Consequently, conventional vision based navigation methods have significant limitations in these 
complex environments; (2) compared with the indoor robot, a field robot usually manipulates several 
types of motion primitives, each of which is adapted to a specific terrain type. As illustrated in Figure 1, 
there are different types of obstacles, such as stones, rocks, ditches, cliffs, etc. Field robots must have 
obstacle recognition ability to help the planner select the most appropriate navigational behavior; (3) a 
field robot usually has a certain cross-country ability, such as walking over stones, rocks, and ditches 
as well as climbing. It is necessary to acquire the 3D information of the obstacle for autonomous 
navigation. For the case where obstacles are present in the heading direction, such as the stones or 
ditches illustrated in Figure lb,c, the robot needs information about heights and widths of obstacles to 
decide whether to avoid or walk over them according to its mechanical capability.
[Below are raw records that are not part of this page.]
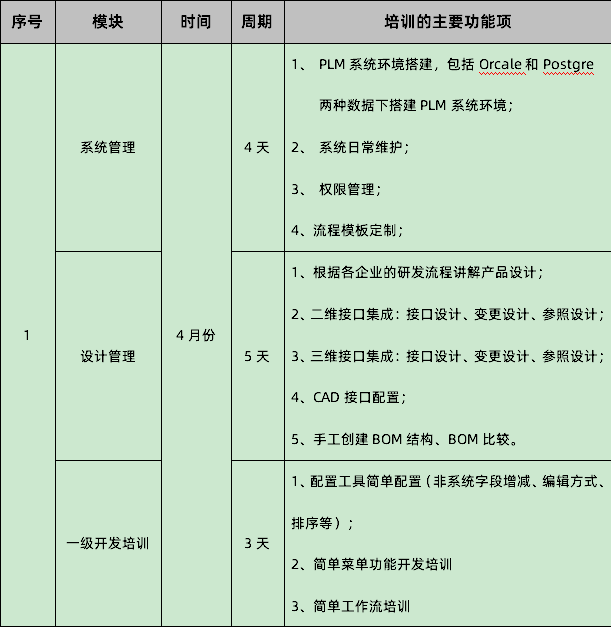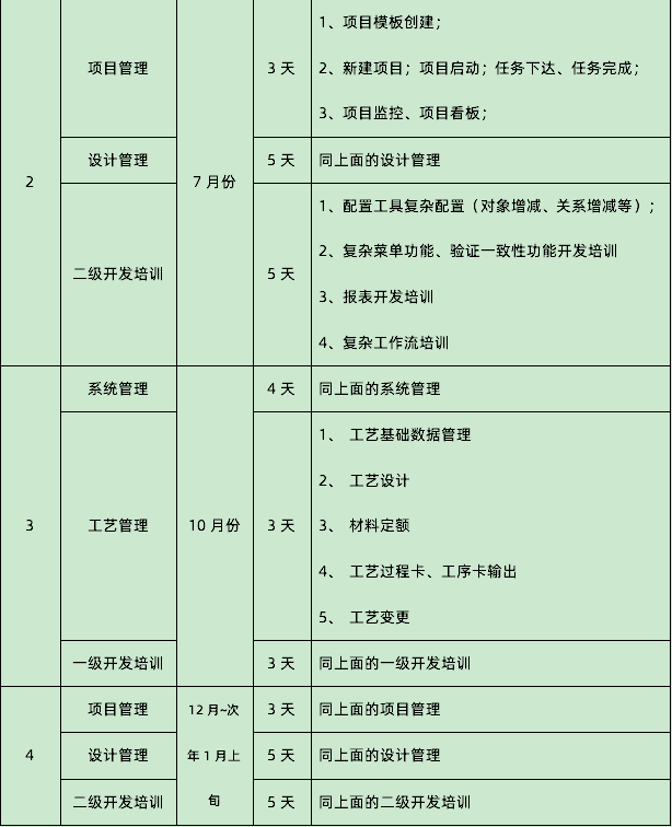 2020年SIPM/PLM售后培训计划安排4次,每三个月组织一次,且分模块进行培训,每次培训3个模块,共分为六个模块,分别是:设计管理、工艺管理、项目管理、系统管理、一级开发培训、二级开发培训;2020年SIPM/PLM售后培训具体安排如下:
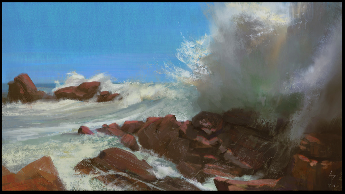 (02-24-2016, 04:13 PM)Amit Dutta Wrote: [ -> ][*]Brushes: One hard texture brush for spray and wave crests worked well. Soft round with a light touch to get that soft wave volume and glow.
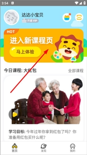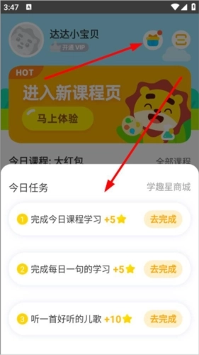 1、打开学趣乐园并登录进入首页,首页设有新课程体验、今日课程和全部课程的功能栏,点击右上角的礼品盒图标即可查看每日任务;
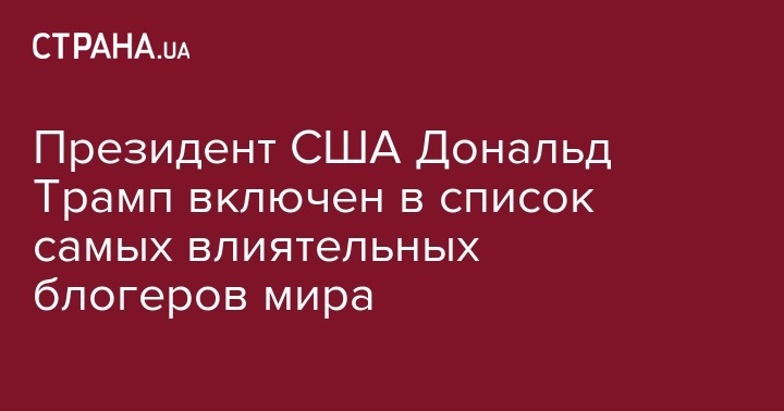 Президент США Дональд Трамп включен в список самых влиятельных блогеров мира

For the situations 
where a robot faces multiple obstacles as illustrated in Figure Id, the robot needs to calculate relative 
distances between neighboring obstacles to determine whether the obstacles can be overcome and 
which travel direction is optimal. 

The existing stereo-vision or range-sensors can hardly provide the complete information about 3D 
environments in real-time, so field robots still have great difficulties in autonomous navigation. The 
Time of Flight (TOF) camera is a 3D visual sensing system that captures image along with per-pixel 
3D space information. Therefore, the TOF camera has great advantages in assisting terrain perception 
and recognition. This paper proposes an obstacle detection and classification method based on the use 
of TOF Camera-SR3000 manufactured by Mesa Imaging AG (Zurich, Switzerland). By modeling 
human walking mechanisms, obstacles are firstly segmented from the scene as regions of interest using 
both the intensity image and the 3D data provided by the SR3000 camera. Based on the 3D geometry 
parameters of obstacles, a multi-RVM classifier is designed to classify obstacles into four classes 
consisting of ditches, rocks, slopes and stones. The novelty of this work lies in fast and robust obstacle 
recognition in unstructured environments without prior knowledge, while providing valid and dense 
3D measurement of obstacles.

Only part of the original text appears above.